Jay Clayton’s recent departure from the chair of the US Securities and Exchange Commission may result in less hostile regulatory scrutiny of these activities, especially if Gary Gensler, who teaches about digital currencies, replaces him.
However, resistance to digital currencies as payments and transfer vehicles is likely to remain. Partly because of high transaction costs, bitcoin is not widely used for payments, and its future role seems limited.
The outgoing Treasury secretary Steven Mnuchin has been working on new regulations to increase transparency in bitcoin transfers and reduce the scope for money laundering. Ms Yellen, in conjunction with the Fed, is likely to adopt an even more orthodox approach, treating the payments system as a quintessential public good.
The Fed is collaborating with foreign counterparts in investigating the development of central bank digital currencies. It is almost certain that CBDCs will eventually be issued in the major jurisdictions, following China’s lead. However, they will be denominated in national currencies, not crypto.

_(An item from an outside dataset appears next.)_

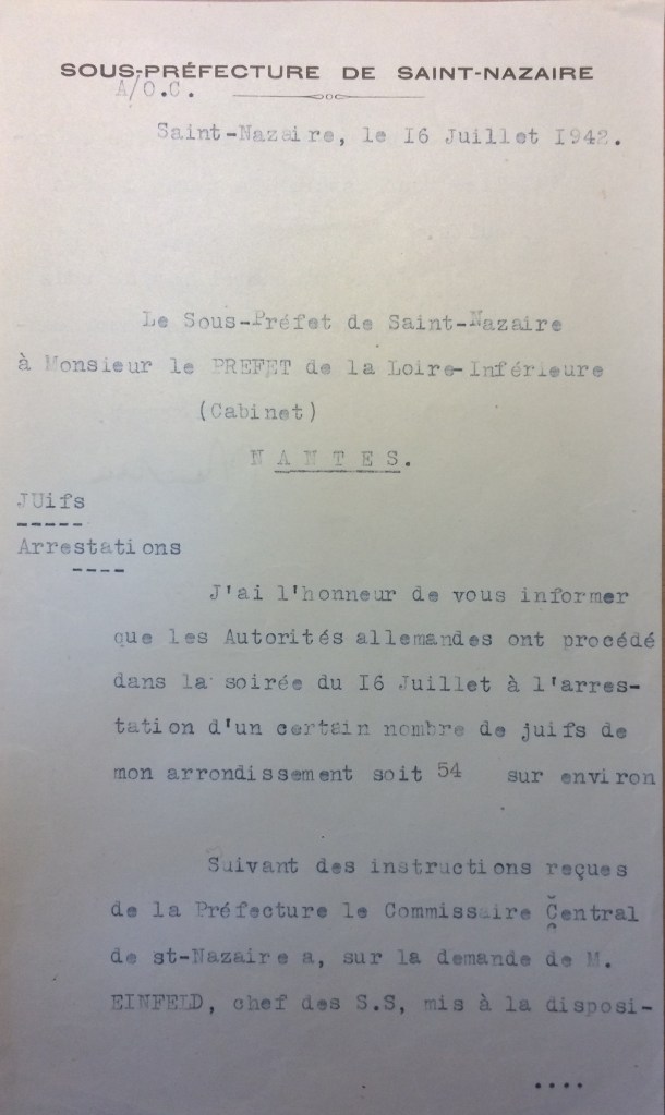 Soit au total 74 personnes arrêtées dans l’arrondissement de Saint-Nazaire (Jean NETTER et René ROSS ne sont pas arrêtés en tant que Juif mais en tant que Résistant).

Private competitors denominated in genuinely new currencies, such as bitcoin, will be heavily regulated or actively discouraged. Hybrid stablecoins, such as Facebook’s libra, that are pegged to a single currency or other real assets may be more welcomed by central banks, if they were directly transferable into traditional currencies. Furthermore, they may not be powered by blockchain. Each of the major central banks may develop its own distributed ledger technology.
That still leaves a role for crypto as an investment vehicle and store of value. Can bitcoin seriously…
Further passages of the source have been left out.